#### [SUPPLIED MATERIAL]
● ● ● ● ● ● ●

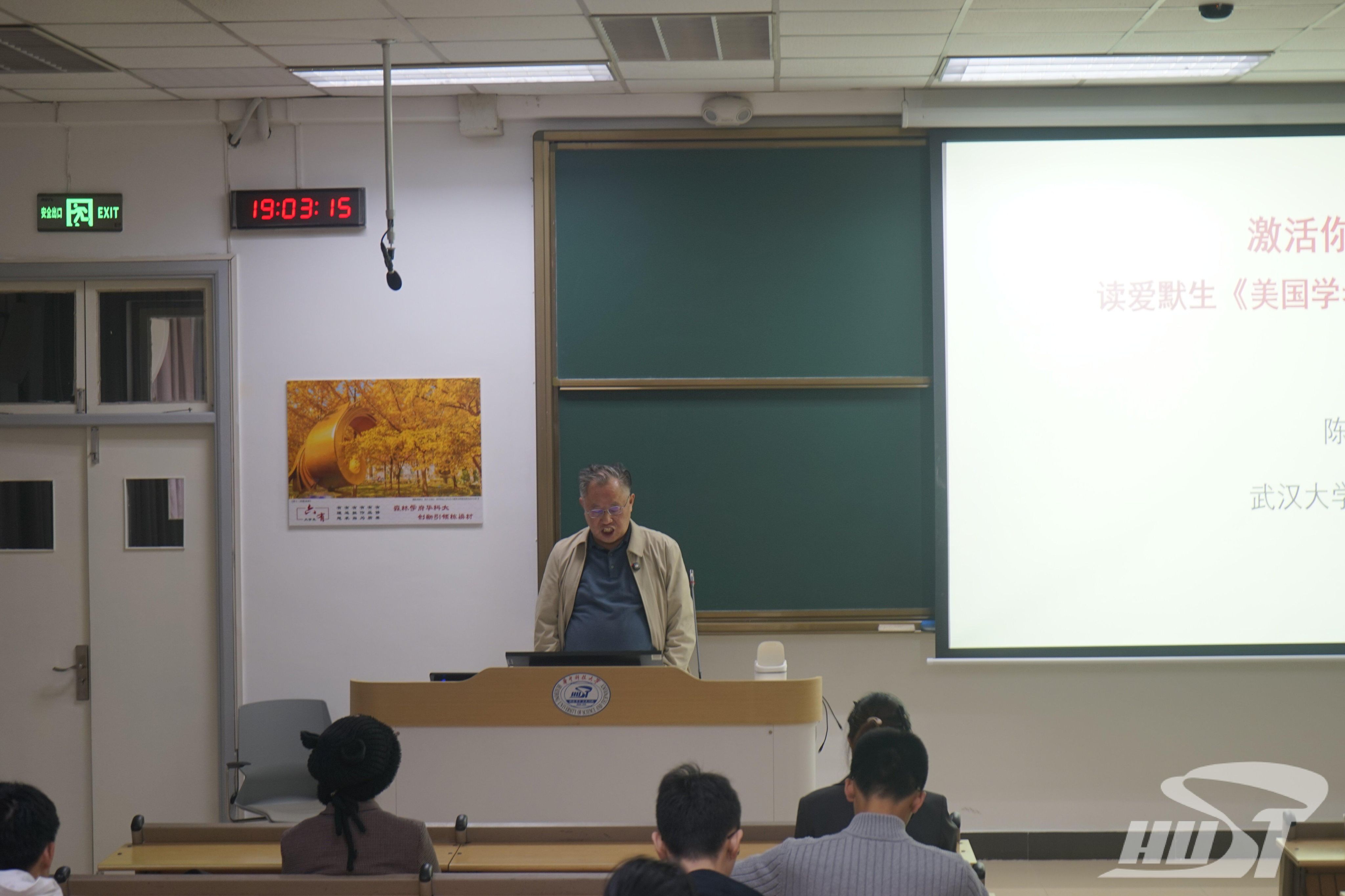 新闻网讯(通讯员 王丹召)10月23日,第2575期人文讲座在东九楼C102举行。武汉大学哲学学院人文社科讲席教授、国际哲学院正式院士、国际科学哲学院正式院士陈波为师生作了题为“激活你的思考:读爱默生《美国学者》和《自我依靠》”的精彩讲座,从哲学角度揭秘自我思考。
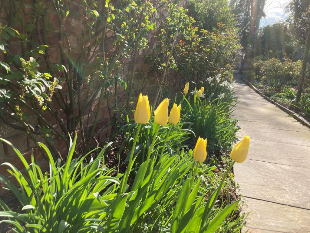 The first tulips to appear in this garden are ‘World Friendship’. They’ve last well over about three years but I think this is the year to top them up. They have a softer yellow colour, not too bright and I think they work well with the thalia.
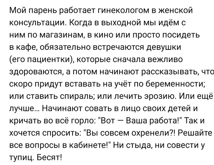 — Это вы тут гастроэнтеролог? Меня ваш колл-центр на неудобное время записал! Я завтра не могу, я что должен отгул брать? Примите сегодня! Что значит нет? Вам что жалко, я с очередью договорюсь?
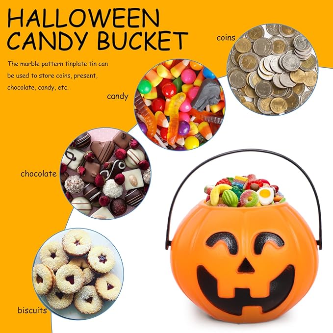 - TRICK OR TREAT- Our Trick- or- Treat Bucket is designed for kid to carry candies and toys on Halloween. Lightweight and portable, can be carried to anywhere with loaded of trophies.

● ● ● ● ● ● ●

#### [ASSIGNED TASK]
In the data above, find the line containing "The first tulips" and the line containing "с очередью договорюсь?". Copy exactly the stretch from the first through the second, both included, leaving out any picture.

#### [WRITTEN ANSWER]
 The first tulips to appear in this garden are ‘World Friendship’. They’ve last well over about three years but I think this is the year to top them up. They have a softer yellow colour, not too bright and I think they work well with the thalia.
 — Это вы тут гастроэнтеролог? Меня ваш колл-центр на неудобное время записал! Я завтра не могу, я что должен отгул брать? Примите сегодня! Что значит нет? Вам что жалко, я с очередью договорюсь?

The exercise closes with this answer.